Five Ways to Make Your Sex Life Better Than 50 Shades of Grey
by OneTaste Living Library Feb 14, 2015
Given that 50 Shades of Grey premieres in movie theaters across the country this Valentine's Day weekend, and YouTube trailers of this titillating film have already added new dimension to E.L. James's now-legendary 2011 potboiler, this might be perfect cause for upping the ante on adventure in the bedroom in the coming days. While fans may find their eyes glazing over with naughty fantasies and naysayers will likely be busy pooh-pooh'ing the awful dialogue, there's no reason you can't break out a new pair of handcuffs or entertain some of the toe-curling liaisons that made Anastasia Steele and Christian Grey household names. Here are a few simple suggestions on how to do just that:
- Write out a desire contract for your lover. One of the most controversial occurrences of James's novel takes place when Christian gives Anastasia a "contract" to sign, item by item, based on what she is and isn't allowed to do in the context of her role as submissive in their relationship. For a night (or more, if it floats your boat), ask your lover to sign a contract you've created that details all the ways in which you demand to be pleased. Then find some time to make the fantasy a reality, and let yourself go wild. (You get extra credit if you ask your partner to write their own contract for you to sign and succumb to.)
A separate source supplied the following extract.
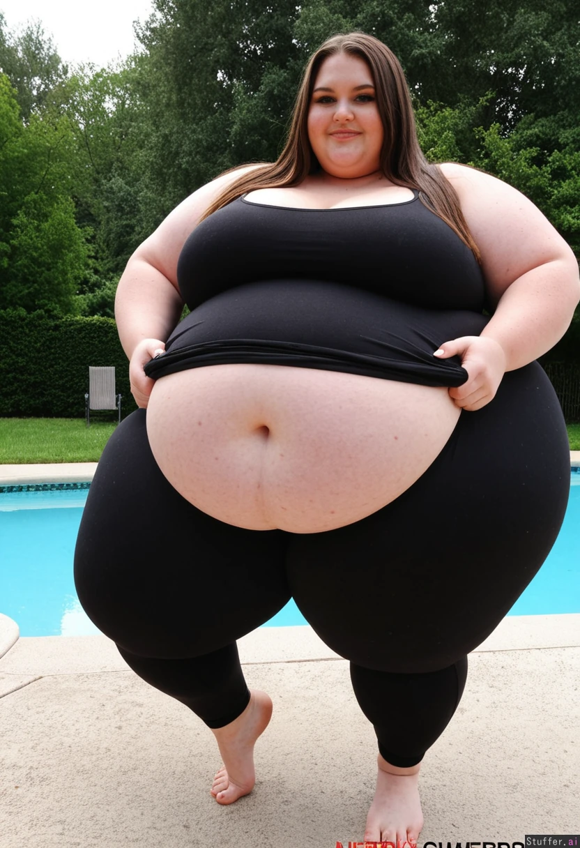 SSBBW Brunette woman at poolside, wearing a black bra, trying to fit into tight black leggings, barefoot, massive fat belly overhang that almost touches her knees, soft fat belly and rolls, holding up her fat belly, huge stuffed soft belly, long manicured fingernails, beautiful juicy belly, large belly beautifully hanging low, (Curvy body, plump hips, extra wide hips), netflix style, college vibes,theme is totally overstuffed with ultra fat food, ultra-detailed, young super foxy girl, 21-years-old, (Fully clothed:1.4), (wearing a covering huge fat bloated oversized adipose summerdress and black leggings:1.2), ssbbw, extremly obese, tanned skin, Afternoon overcast light, beautiful face. Huge spherical belly lies on . She smiles gracefully, glossy lips, makeup perfect, mascara, defined eyeliner, brunette hair catching light, big bust, big hips, fat arms, big blue eyes, long straight hair, huge fat rolls, (largest belly ever seen), college vibes, prom style, jewelry glinting. (emphasis on her enormous gigantic stuffed spherical belly beneath clothing), side view, standing

- Play with polarities. Sure, Anastasia and Christian don't necessarily have the healthiest relationship and their communication skills are questionable at best, but what they do have is a hot and tempestuous connection to the holy grail of sex: the masculine and feminine polarity. Polarity is the basic spark that creates fire, attraction, and lasting passion in a relationship between a man and a woman. While everyone has their own personal balance of masculine and feminine, most of us tend to skew more towards one than the other. While our classical understanding of this polarity doesn’t necessarily match the kind of egalitarian relationship we've come to see as the cultural ideal, it is absolutely integral to lasting passion and sexual excitement. In fact, most relationships are tedious and lackluster precisely because they lack polarity, which can lead to an unsatisfying power struggle and crickets in the bedroom. Rather than clashing for dominance, play with the tantalizing possibilities of what can happen when one of you surrenders, while the other takes charge. Trust us—if that doesn't create an immediate sizzle, we don't know what will.
- Test your own boundaries. Conscious BDSM relationships are full of the kinds of complex negotiations that 50 Shades conveniently leaves out, for the sake of simplifying a fantasy that requires plenty of conversation. It's great to consider what your hard no's are in the realm of sex and to talk about this with your lover, but consider looking at an area of your sexuality where you might feel somewhat squeamish, uncertain, or afraid. Instead of turning away from it, consider what it would be like to direction engage with what might feel like a taboo or dangerous desire, and invite your partner to play with you. Where fear or aversion resides, the opportunity for unexplored pleasure is certainly also available. This doesn't mean you need to dive headfirst into a pit of snakes, of course. For instance, if you've always been titillated but somewhat intimidated by the prospect of rougher sex, playing with light spanking or hair-pulling might be an easy, sexy entrée into something that might currently feel too overwhelming.
- Talk about sex while it's happening. Christian and Anastasia are prone to grandiose verbal spells in the midst of their passionate sexual encounters, and while you may not want to borrow from their particular brand of dirty talk, giving voice to your desires and your pleasure in the middle of sex can create an enormous amount of turn-on for both you and your partner. Moreover, it enables you to be present with what's happening, which is likely to stoke the fire and lead to a hotter connection.
- Make a playlist for every steamy encounter. In 50 Shades of Grey, Christian and Anastasia do it to everything from La Traviata to Britney Spears. Think of the range of sexual experiences you'd like to have, and set the mood by creating a personal soundtrack that'll have you moving your hips and stripping your clothes off within seconds.